During the Crown’s submission, Peterson said one of the significant aggravating factors in the case is the act of vigilantism.

“Vigilantism undermines the rule of law and administration of rule of justice and takes it out of the hands of the police and puts it into the hands of criminals,” she said. “The fact that it was vigilantism is a serious factor to consider and an aggravating feature.”

Peterson acknowledged that Otway may not have been involved in initial planning of the kidnapping and assault, but said there was no denying his involvement in the actual incident, as he took charge of the scene after the other accused left, and drove the vehicle with the victim in the trunk and a loaded sawed-off shotgun and taser.

“I do appreciate that Mr. Otway may not have initially been in on this. I don’t have any evidence to say otherwise. What is clear, is that his level of involvement increases as this crime continues,” Peterson said.

The victim also escaped on his own, Peterson pointed out, noting that he expressed to police that he believed the accused were going to take him somewhere to kill him.

“This kidnapping only ended because he was able to escape out of the trunk of a moving vehicle,” Peterson added. “So that helped us appreciate the gravity of the offence.”

Peterson did acknowledge Otway’s admission of guilt and that his involvement was driven by grief over the disappearance of his sister.

When given the opportunity to speak, Otway said he was sorry for what he has done.

Judge agrees to six year sentence

Justice Belda Perez said she did take several mitigating factors into consideration, including Otway’s minimal criminal record that did not include violent or weapons-related charges, and his cooperation with police.

However, she referred to the seriousness of the crime and its relation to vigilantism.

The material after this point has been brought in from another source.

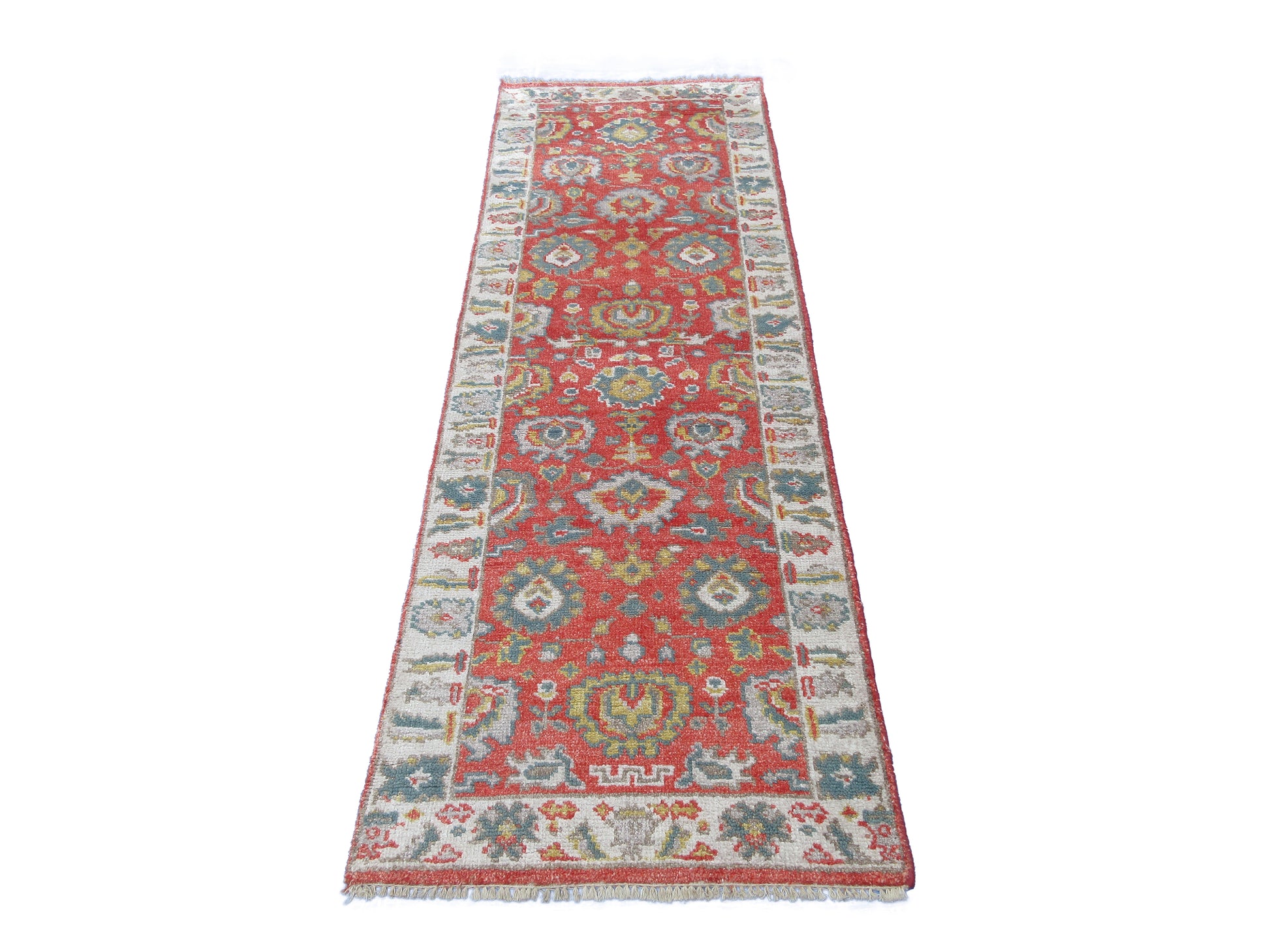 7.11X2.6 Feet Hand Knotted Runner Rug, Pure Bamboo Silk, Floral Pattern, Rust | Beige Area Rug
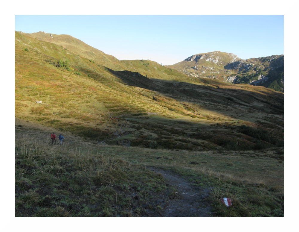 Vor mir der Abstiegsweg links an der felsigen Erhebung vorbei und dann rechts hinab zur Kleinarler Hütte.

“Both counsel and Crown indicated there was the issue of vigilante justice,” she said. “While I accept that Otway was not involved in the planning of the offence, it was a lapse in judgment when he decided to take part in it and keep going after the others have left.”

Justice Belda Perez agreed with the defense’s submission of a six-year global sentence, as well as a DNA order, a 10-year weapons prohibition, and no contact order for the victim and his family. A victim surcharge fee was waived.

Pre-sentenced custody was enhanced from the usual 1.5-to-one to two-to-one due to Otway being incarcerated at the Thunder Bay District Jail at the start of the COVID-19 outbreak in the facility in early 2021, which resulted in his transfer to a facility in Southern Ontario.

The charges against Lawson-Balodis, Thompson, and Sault remain before the courts.

The investigation into the disappearance of Alyssa Turnbull remains ongoing. She is described as standing five-foot-three, weighing about 100 pounds, with shoulder-length blonde hair and blue eyes. She may have changed her hair colour to purple or red.

Anyone with information regarding this investigation is encouraged to contact the Ontario Provincial Police at 1-888-310-1122 or their local police service.